## Task:
Once you find the line below that has "외모: 긴 머리, 금발, 보라색", output it and every line after it exactly, stopping after the line that has "Near-term growth prospects", with no pictures.
(Beginning of Input material)
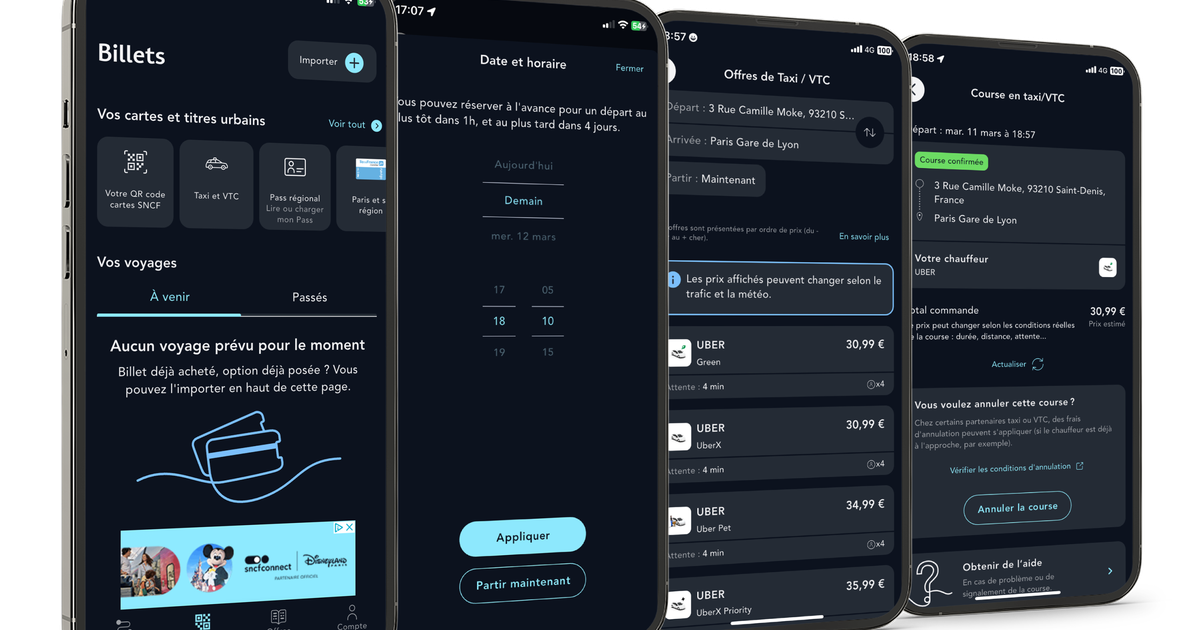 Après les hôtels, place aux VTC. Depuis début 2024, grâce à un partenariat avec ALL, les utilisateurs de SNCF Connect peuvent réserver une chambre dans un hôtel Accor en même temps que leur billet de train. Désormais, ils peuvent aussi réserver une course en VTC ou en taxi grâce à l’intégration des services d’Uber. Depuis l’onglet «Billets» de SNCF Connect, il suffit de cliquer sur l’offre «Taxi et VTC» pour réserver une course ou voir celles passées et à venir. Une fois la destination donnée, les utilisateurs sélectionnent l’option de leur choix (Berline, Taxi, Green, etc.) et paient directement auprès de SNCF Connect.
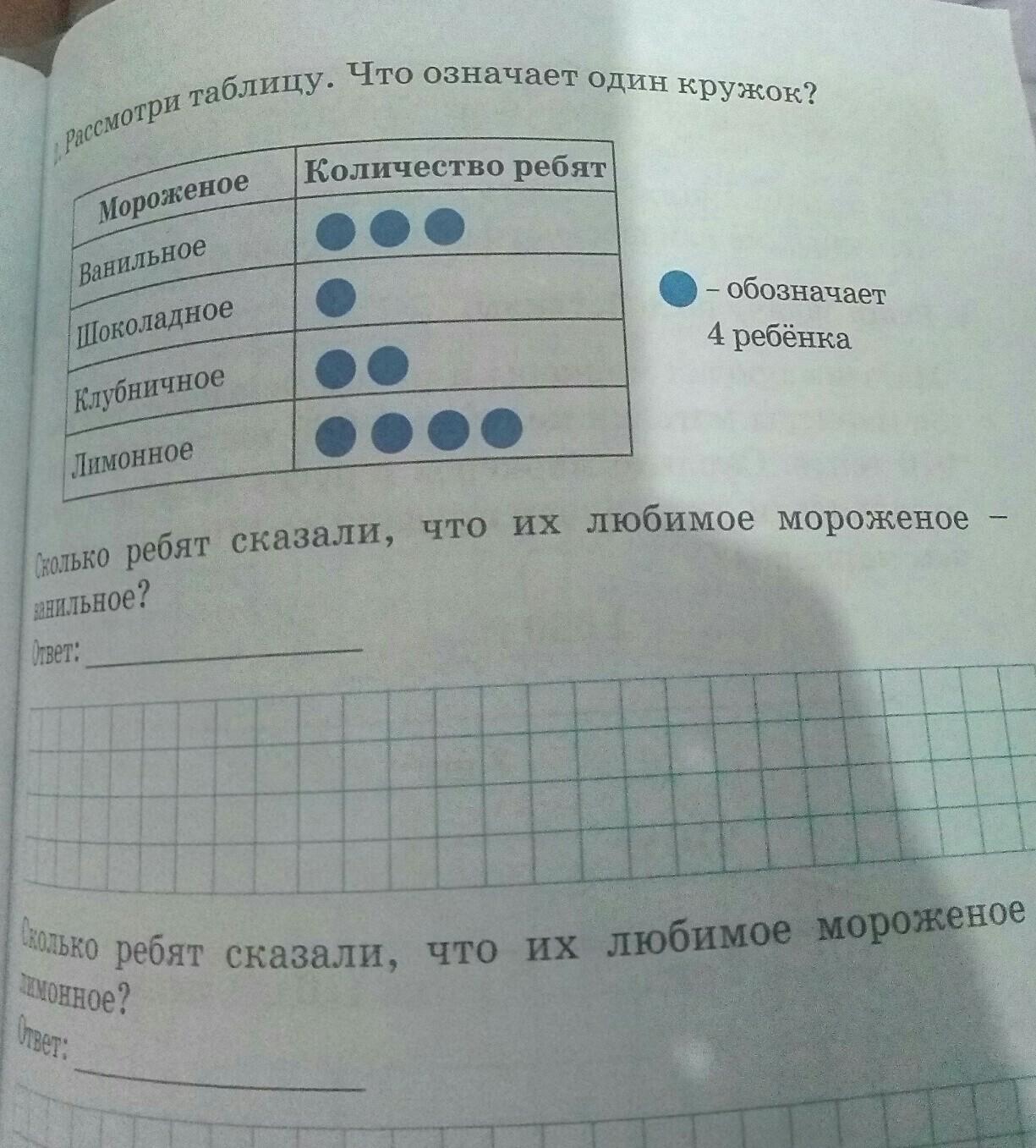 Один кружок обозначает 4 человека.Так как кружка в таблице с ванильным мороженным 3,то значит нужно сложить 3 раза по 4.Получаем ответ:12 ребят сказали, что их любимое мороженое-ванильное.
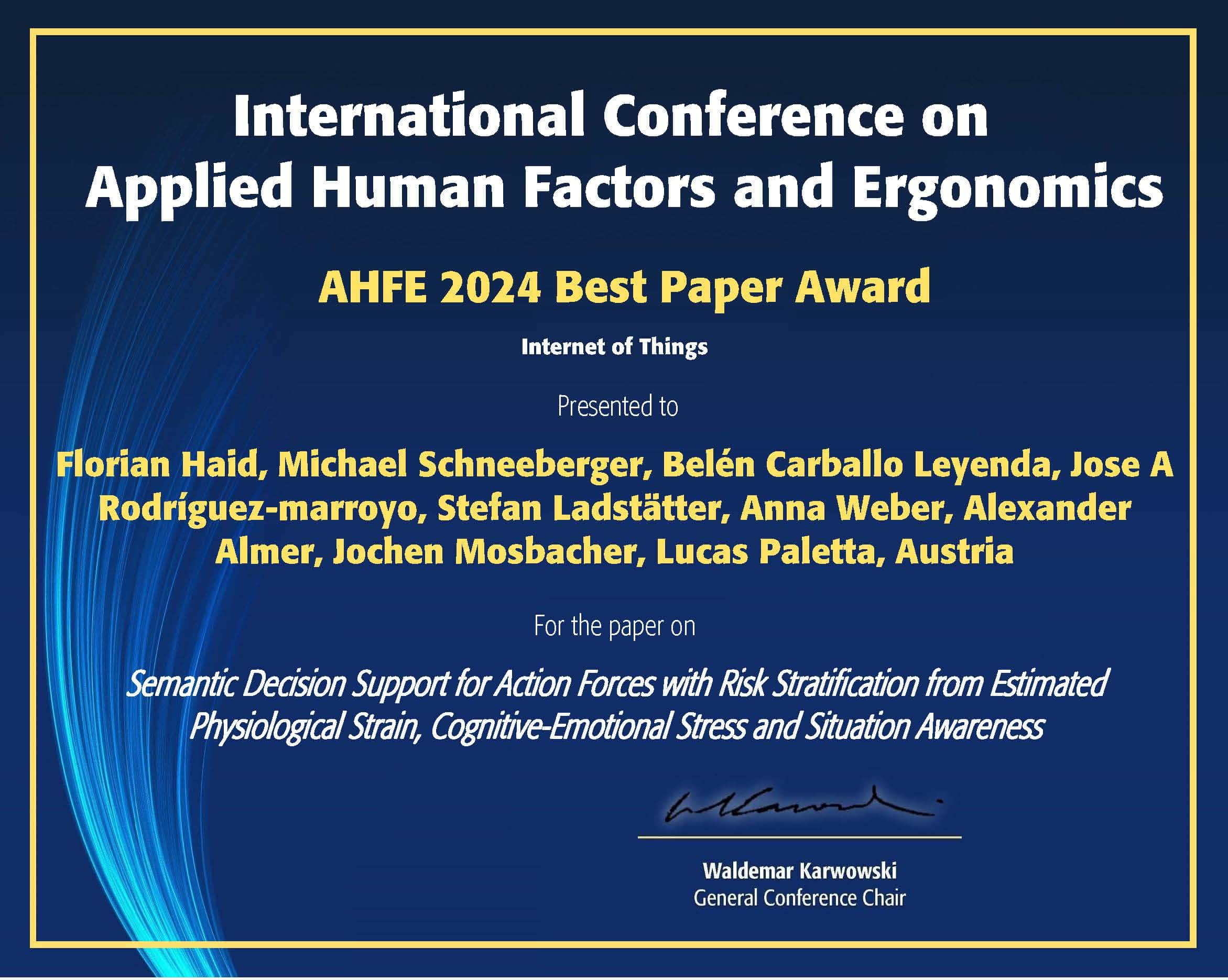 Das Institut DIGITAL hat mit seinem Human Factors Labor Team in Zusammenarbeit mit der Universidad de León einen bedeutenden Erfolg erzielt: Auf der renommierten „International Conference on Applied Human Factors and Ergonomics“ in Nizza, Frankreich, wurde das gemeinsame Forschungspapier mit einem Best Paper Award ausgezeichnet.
(End of Input material)
(Beginning of Input material)
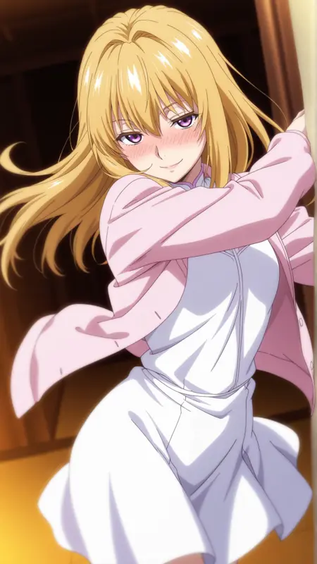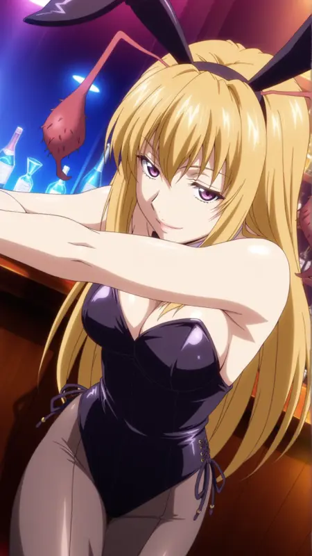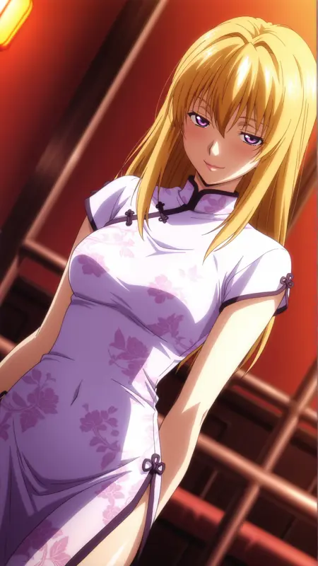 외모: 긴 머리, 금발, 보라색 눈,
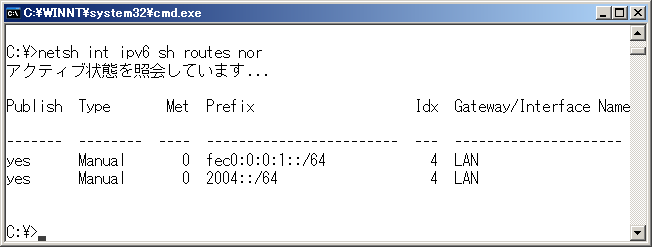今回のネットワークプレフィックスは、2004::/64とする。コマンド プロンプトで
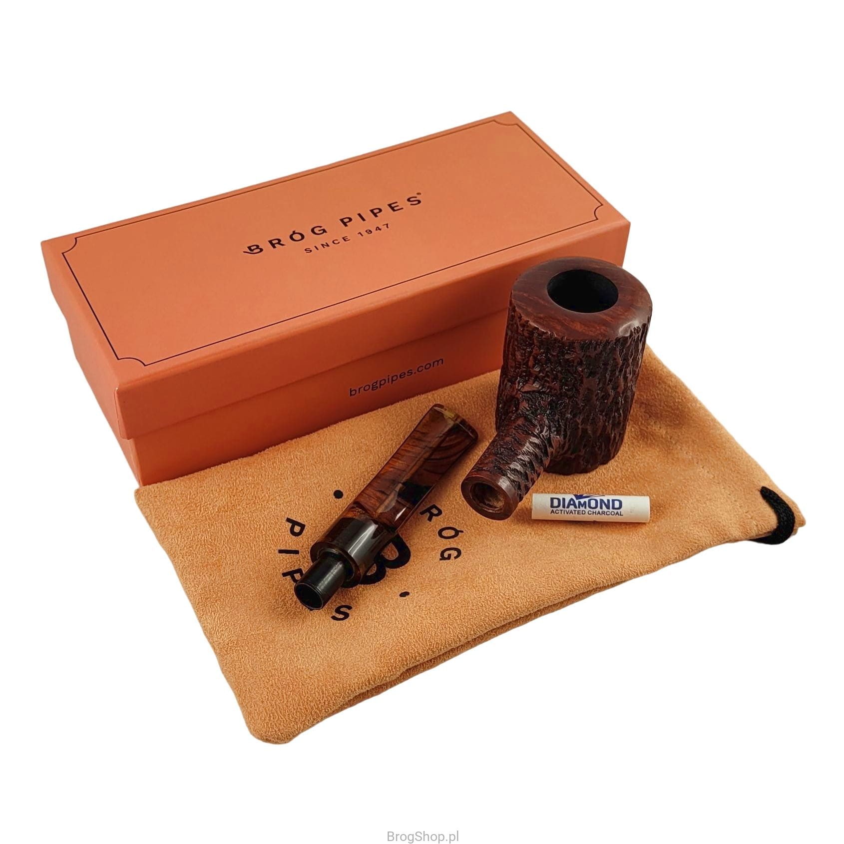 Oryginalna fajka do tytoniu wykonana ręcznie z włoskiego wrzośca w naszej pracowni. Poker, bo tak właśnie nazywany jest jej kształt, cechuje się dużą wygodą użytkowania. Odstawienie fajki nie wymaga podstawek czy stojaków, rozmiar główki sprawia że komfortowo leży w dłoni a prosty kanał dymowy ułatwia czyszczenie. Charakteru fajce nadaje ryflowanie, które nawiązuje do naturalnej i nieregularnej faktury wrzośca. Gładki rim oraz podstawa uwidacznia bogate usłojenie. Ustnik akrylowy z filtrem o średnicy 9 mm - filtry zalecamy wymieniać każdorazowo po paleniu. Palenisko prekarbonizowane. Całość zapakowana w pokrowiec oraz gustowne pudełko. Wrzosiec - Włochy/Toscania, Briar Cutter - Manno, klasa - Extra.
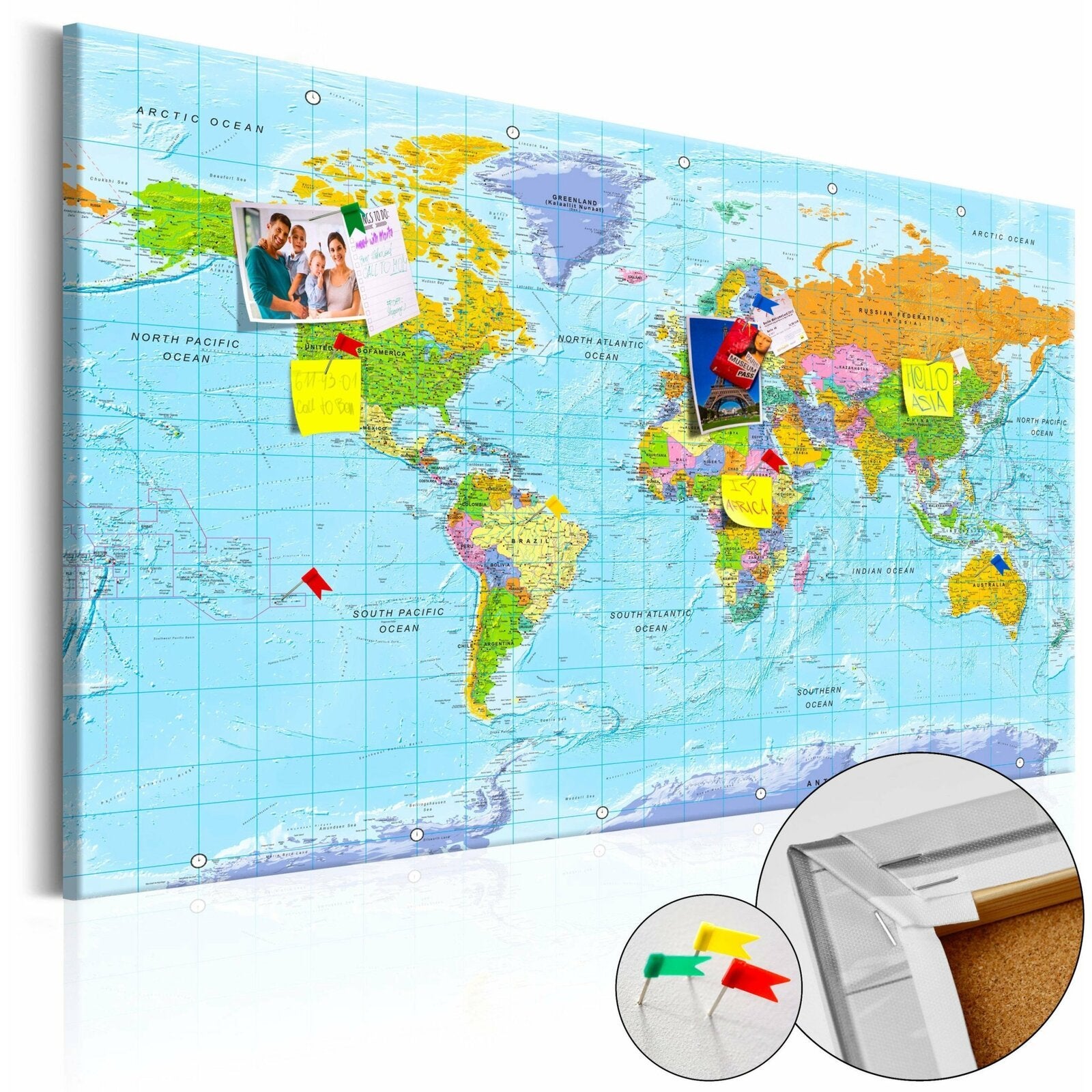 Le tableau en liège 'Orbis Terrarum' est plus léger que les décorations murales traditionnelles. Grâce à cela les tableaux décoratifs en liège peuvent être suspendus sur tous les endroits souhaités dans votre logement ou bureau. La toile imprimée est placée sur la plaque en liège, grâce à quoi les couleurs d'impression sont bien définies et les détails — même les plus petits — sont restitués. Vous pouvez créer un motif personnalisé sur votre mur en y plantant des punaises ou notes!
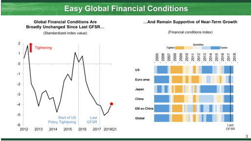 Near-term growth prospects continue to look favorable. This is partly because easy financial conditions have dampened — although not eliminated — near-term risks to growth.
(End of Input material)
(Beginning of Input material)
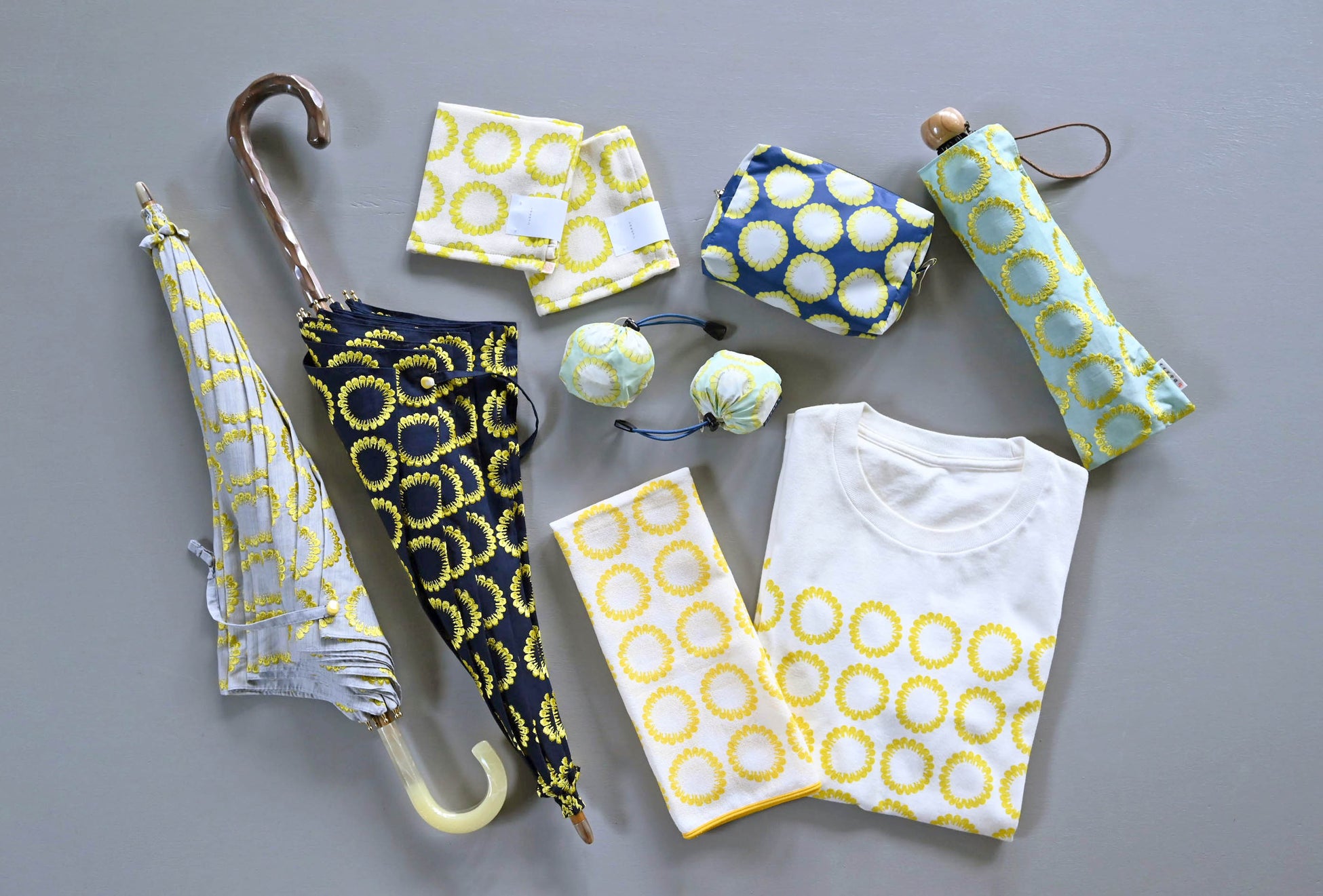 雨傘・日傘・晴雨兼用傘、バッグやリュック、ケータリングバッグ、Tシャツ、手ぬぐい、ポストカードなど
(End of Input material)
## Exercise answer:
 외모: 긴 머리, 금발, 보라색 눈,
今回のネットワークプレフィックスは、2004::/64とする。コマンド プロンプトで
 Oryginalna fajka do tytoniu wykonana ręcznie z włoskiego wrzośca w naszej pracowni. Poker, bo tak właśnie nazywany jest jej kształt, cechuje się dużą wygodą użytkowania. Odstawienie fajki nie wymaga podstawek czy stojaków, rozmiar główki sprawia że komfortowo leży w dłoni a prosty kanał dymowy ułatwia czyszczenie. Charakteru fajce nadaje ryflowanie, które nawiązuje do naturalnej i nieregularnej faktury wrzośca. Gładki rim oraz podstawa uwidacznia bogate usłojenie. Ustnik akrylowy z filtrem o średnicy 9 mm - filtry zalecamy wymieniać każdorazowo po paleniu. Palenisko prekarbonizowane. Całość zapakowana w pokrowiec oraz gustowne pudełko. Wrzosiec - Włochy/Toscania, Briar Cutter - Manno, klasa - Extra.
 Le tableau en liège 'Orbis Terrarum' est plus léger que les décorations murales traditionnelles. Grâce à cela les tableaux décoratifs en liège peuvent être suspendus sur tous les endroits souhaités dans votre logement ou bureau. La toile imprimée est placée sur la plaque en liège, grâce à quoi les couleurs d'impression sont bien définies et les détails — même les plus petits — sont restitués. Vous pouvez créer un motif personnalisé sur votre mur en y plantant des punaises ou notes!
 Near-term growth prospects continue to look favorable. This is partly because easy financial conditions have dampened — although not eliminated — near-term risks to growth.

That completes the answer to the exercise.